» WORK INSTRUCTIONS: The result should be every line that contains the word "with", taken from the material.

» DATA SUPPLIED:
#####
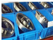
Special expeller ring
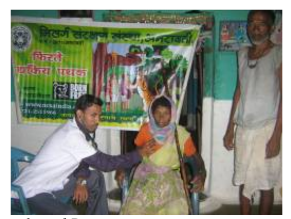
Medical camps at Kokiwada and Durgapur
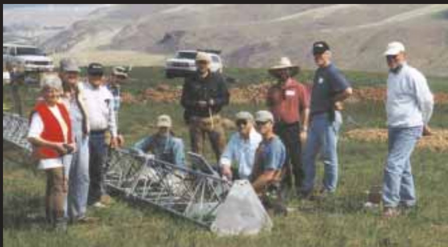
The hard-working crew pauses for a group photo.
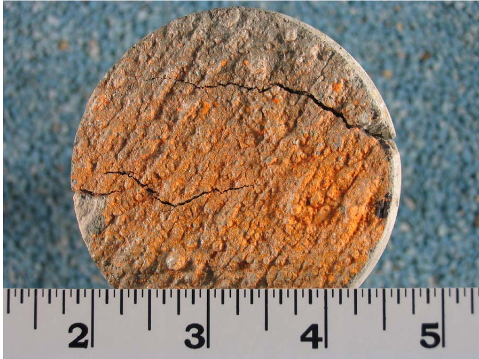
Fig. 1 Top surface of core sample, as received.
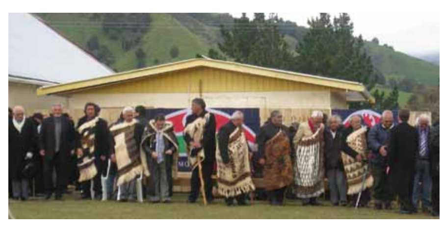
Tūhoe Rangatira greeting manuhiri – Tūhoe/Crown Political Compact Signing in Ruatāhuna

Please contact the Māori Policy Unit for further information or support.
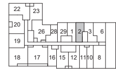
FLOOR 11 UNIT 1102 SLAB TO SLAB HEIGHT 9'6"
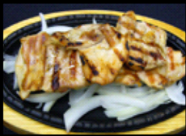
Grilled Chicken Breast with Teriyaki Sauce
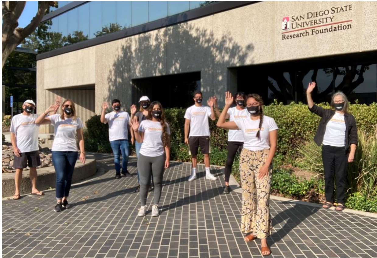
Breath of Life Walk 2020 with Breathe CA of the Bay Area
#####
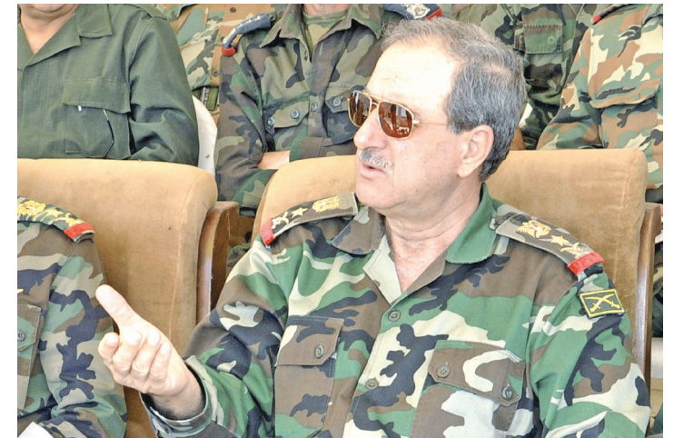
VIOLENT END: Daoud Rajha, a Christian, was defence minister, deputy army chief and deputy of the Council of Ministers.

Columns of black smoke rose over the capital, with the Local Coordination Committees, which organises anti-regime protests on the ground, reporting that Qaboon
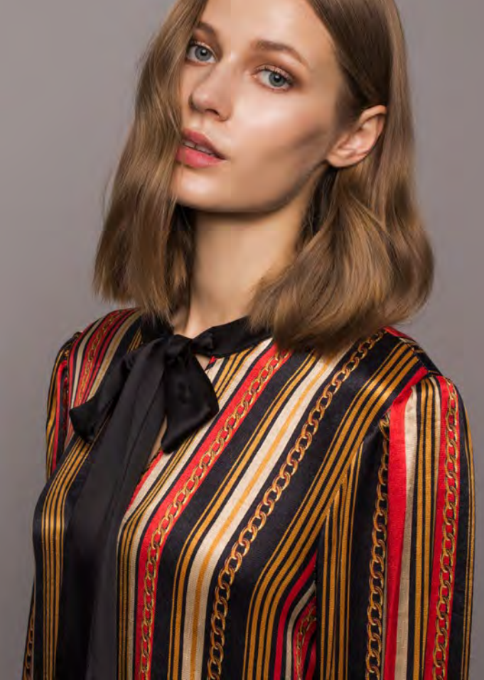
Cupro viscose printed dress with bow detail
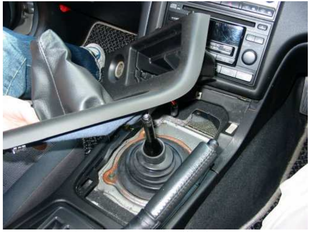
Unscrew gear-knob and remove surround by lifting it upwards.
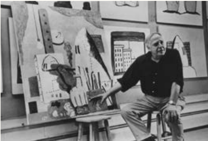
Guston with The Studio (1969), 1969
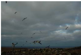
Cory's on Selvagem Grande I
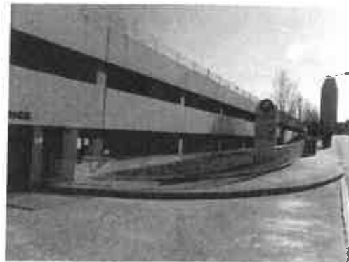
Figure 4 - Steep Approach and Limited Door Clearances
#####
» RESPONSE FOR THIS EXERCISE:
Grilled Chicken Breast with Teriyaki Sauce
Breath of Life Walk 2020 with Breathe CA of the Bay Area
Columns of black smoke rose over the capital, with the Local Coordination Committees, which organises anti-regime protests on the ground, reporting that Qaboon
Cupro viscose printed dress with bow detail
Guston with The Studio (1969), 1969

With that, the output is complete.